_How to complete this task_
The required copy runs from the first line of the material through the line containing "まず講演会では、川上元美氏に", exactly as written and without pictures.

>>>

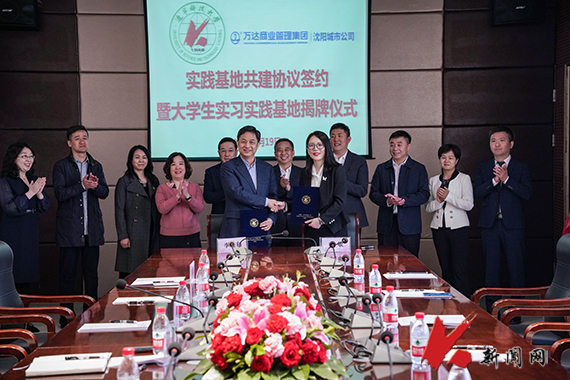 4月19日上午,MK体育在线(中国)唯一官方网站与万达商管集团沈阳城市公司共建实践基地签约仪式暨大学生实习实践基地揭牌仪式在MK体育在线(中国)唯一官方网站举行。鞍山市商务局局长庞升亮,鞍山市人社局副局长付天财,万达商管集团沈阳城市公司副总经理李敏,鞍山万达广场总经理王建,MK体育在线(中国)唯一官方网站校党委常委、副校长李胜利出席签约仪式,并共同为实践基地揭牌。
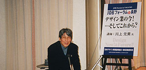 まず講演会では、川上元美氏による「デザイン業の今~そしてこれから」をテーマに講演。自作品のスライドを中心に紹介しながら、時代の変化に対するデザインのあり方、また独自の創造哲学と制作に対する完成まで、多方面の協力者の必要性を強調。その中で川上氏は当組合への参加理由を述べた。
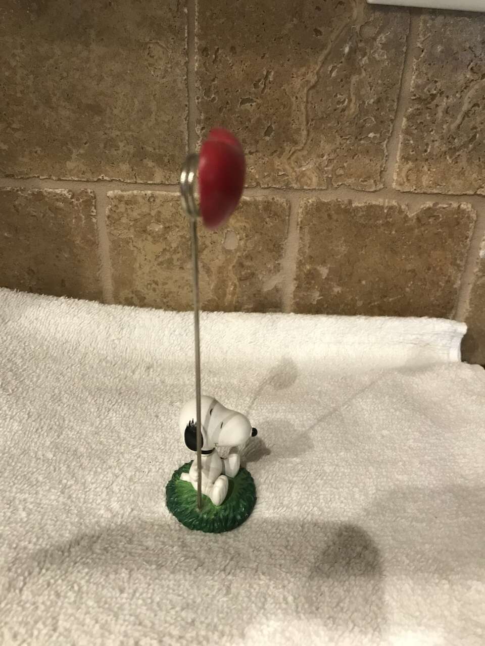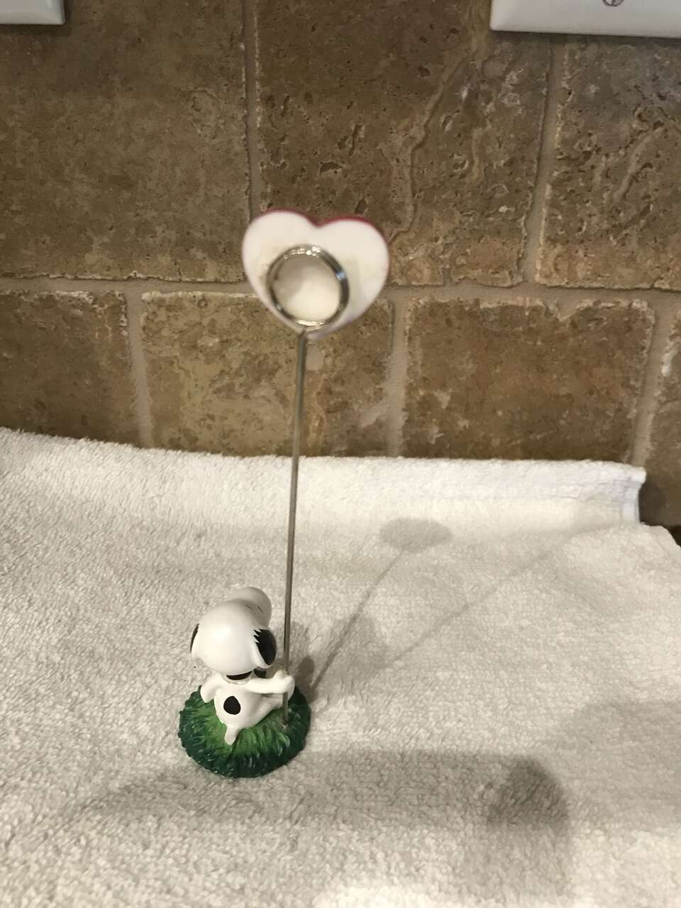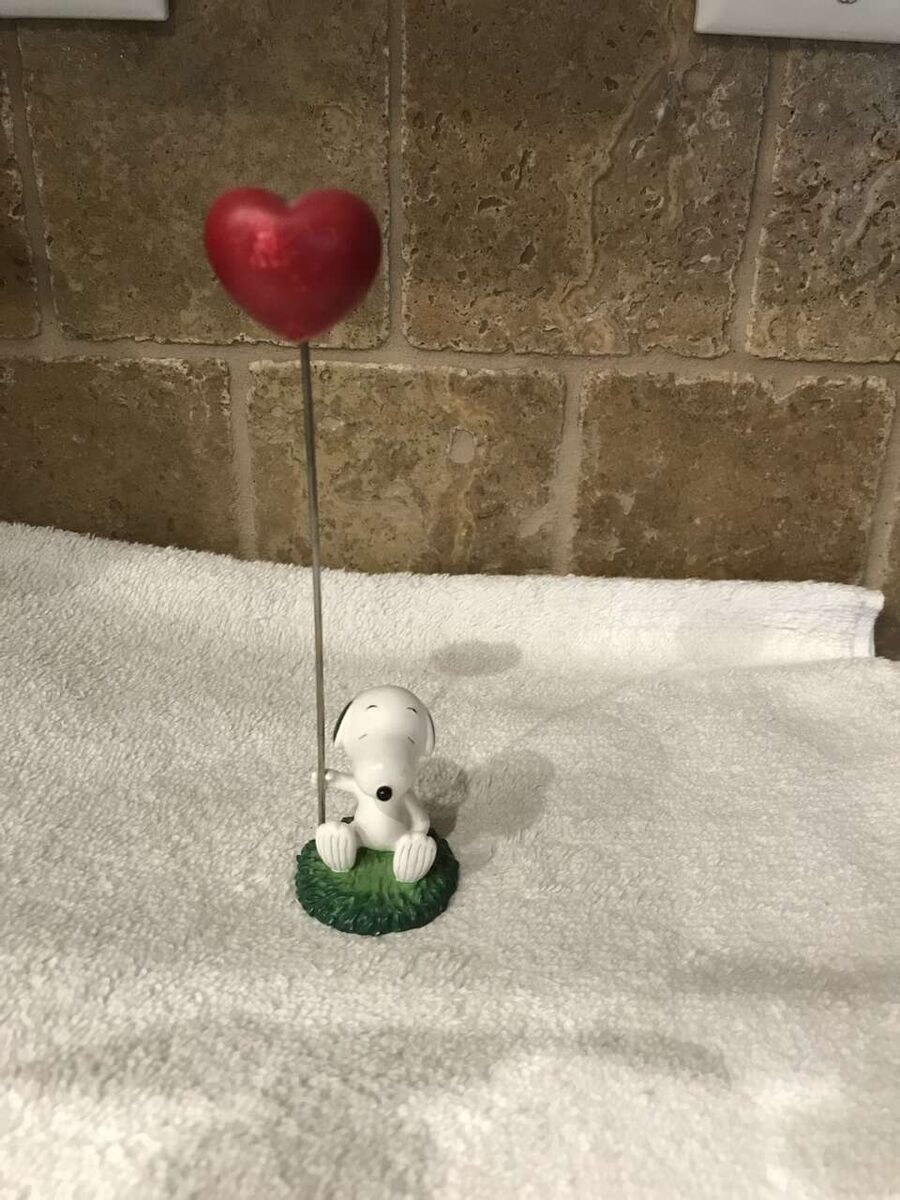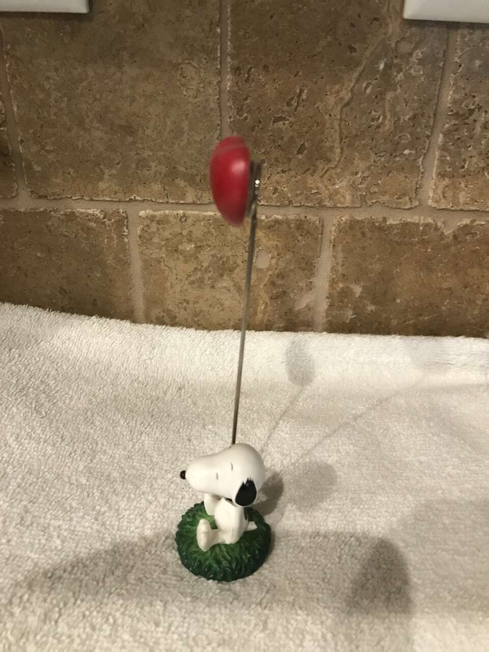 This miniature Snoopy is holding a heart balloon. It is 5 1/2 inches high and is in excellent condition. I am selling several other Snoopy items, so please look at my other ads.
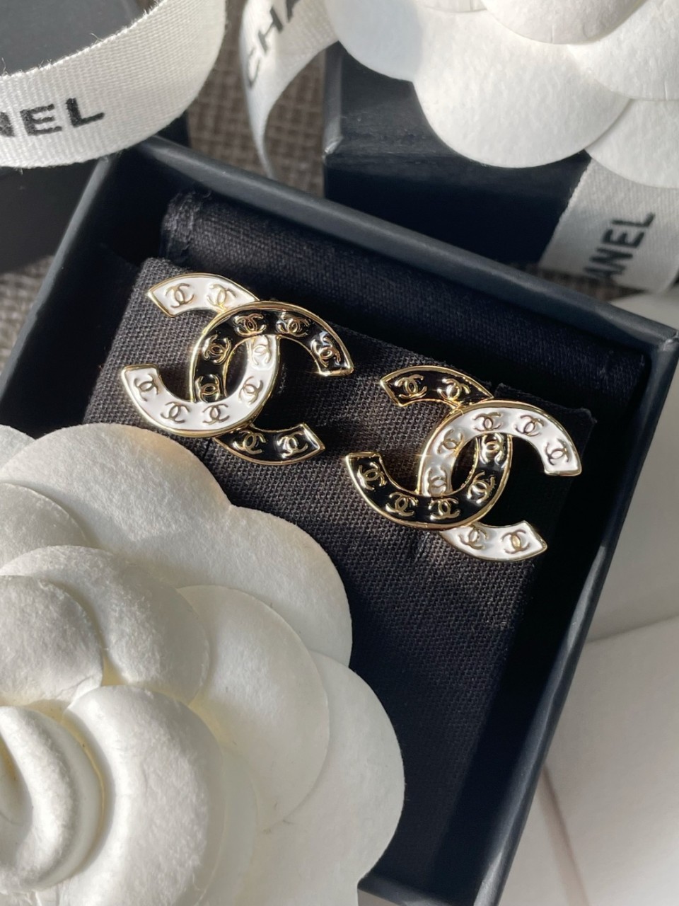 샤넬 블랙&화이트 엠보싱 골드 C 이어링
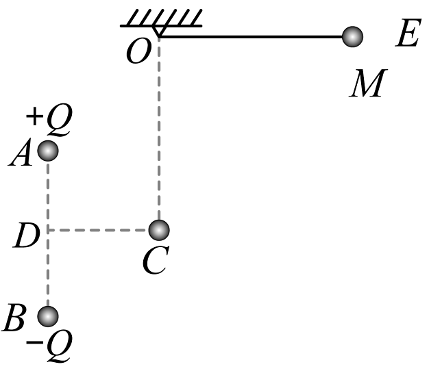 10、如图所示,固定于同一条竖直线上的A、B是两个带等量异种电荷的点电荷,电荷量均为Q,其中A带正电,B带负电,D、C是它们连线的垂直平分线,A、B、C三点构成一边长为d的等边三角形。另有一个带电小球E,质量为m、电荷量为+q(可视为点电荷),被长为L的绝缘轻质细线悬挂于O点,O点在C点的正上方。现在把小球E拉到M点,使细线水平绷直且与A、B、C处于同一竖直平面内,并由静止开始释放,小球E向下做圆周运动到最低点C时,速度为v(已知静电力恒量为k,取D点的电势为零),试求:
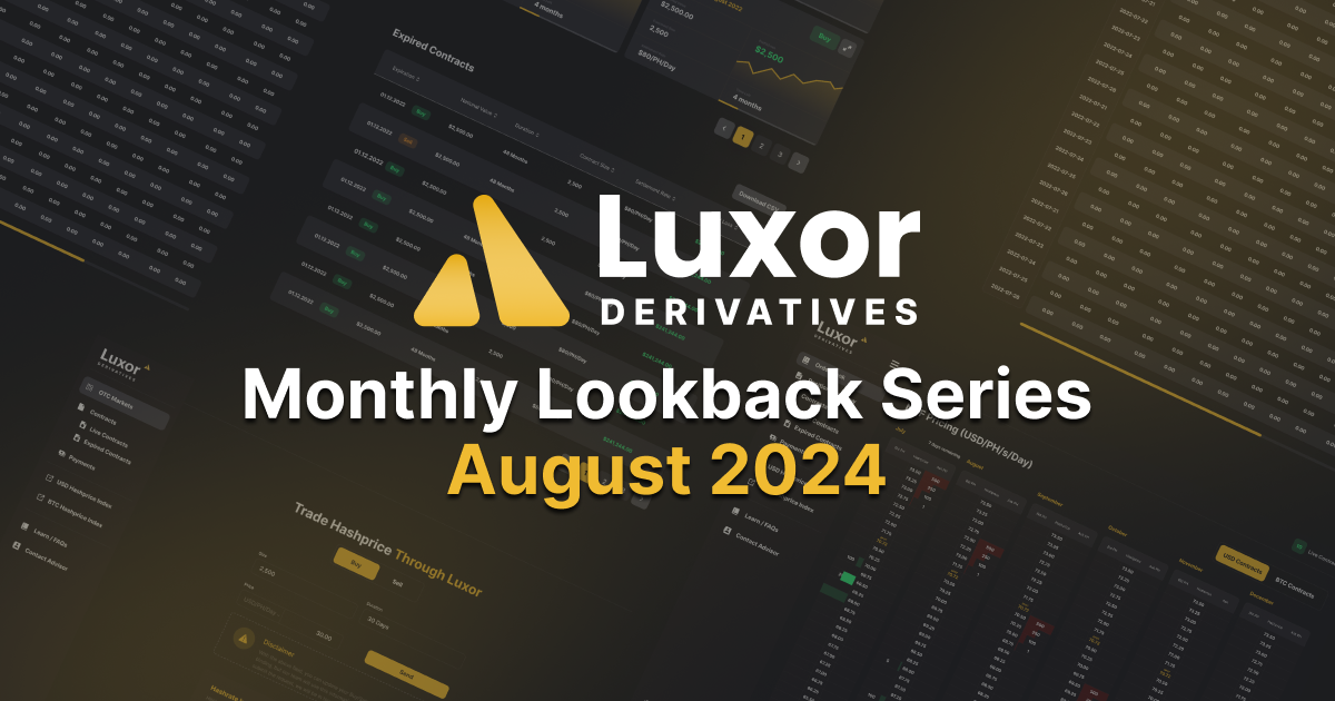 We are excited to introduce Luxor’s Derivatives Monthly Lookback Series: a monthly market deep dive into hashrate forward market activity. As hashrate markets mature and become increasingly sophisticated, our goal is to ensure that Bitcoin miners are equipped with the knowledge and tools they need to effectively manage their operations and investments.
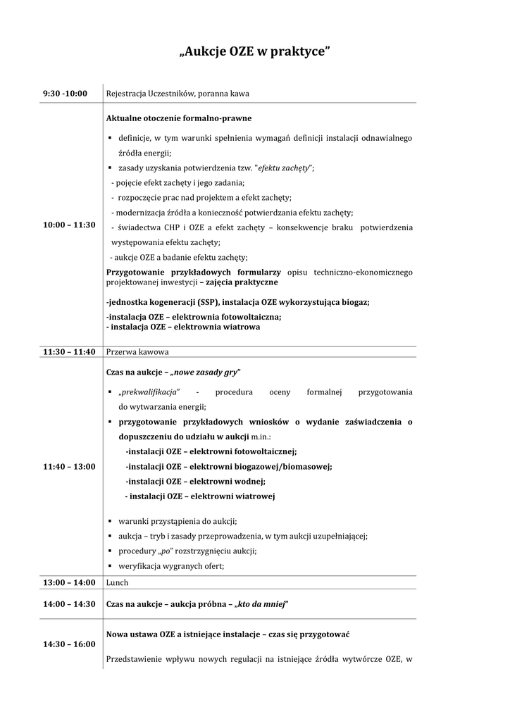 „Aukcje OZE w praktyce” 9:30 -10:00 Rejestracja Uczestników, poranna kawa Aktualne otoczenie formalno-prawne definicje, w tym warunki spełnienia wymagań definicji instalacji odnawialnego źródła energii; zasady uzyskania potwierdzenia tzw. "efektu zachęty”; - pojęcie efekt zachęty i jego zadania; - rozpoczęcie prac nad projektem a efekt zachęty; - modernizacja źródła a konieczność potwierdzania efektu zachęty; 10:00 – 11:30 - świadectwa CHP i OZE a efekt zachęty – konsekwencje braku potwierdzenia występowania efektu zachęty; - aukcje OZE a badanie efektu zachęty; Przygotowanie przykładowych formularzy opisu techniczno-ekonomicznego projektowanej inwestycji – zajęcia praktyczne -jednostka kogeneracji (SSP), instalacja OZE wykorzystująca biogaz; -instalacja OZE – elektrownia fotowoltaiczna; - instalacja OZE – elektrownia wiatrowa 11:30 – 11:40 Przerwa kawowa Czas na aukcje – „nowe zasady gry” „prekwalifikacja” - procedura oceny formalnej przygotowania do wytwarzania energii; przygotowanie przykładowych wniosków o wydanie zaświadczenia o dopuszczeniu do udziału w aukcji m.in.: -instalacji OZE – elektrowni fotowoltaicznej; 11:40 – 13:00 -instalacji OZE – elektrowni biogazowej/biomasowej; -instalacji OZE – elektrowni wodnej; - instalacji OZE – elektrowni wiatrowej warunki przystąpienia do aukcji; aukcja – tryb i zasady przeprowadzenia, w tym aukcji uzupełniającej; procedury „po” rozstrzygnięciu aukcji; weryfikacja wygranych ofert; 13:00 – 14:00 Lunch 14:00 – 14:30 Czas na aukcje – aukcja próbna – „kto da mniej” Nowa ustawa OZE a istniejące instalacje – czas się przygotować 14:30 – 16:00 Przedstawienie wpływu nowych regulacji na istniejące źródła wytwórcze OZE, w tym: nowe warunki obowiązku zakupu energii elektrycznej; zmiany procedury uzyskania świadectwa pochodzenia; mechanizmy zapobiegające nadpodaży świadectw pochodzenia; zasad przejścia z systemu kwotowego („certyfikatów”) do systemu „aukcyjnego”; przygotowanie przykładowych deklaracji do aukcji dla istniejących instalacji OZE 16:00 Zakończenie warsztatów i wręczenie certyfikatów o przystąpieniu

<<<

_Final answer_
 4月19日上午,MK体育在线(中国)唯一官方网站与万达商管集团沈阳城市公司共建实践基地签约仪式暨大学生实习实践基地揭牌仪式在MK体育在线(中国)唯一官方网站举行。鞍山市商务局局长庞升亮,鞍山市人社局副局长付天财,万达商管集团沈阳城市公司副总经理李敏,鞍山万达广场总经理王建,MK体育在线(中国)唯一官方网站校党委常委、副校长李胜利出席签约仪式,并共同为实践基地揭牌。
 まず講演会では、川上元美氏による「デザイン業の今~そしてこれから」をテーマに講演。自作品のスライドを中心に紹介しながら、時代の変化に対するデザインのあり方、また独自の創造哲学と制作に対する完成まで、多方面の協力者の必要性を強調。その中で川上氏は当組合への参加理由を述べた。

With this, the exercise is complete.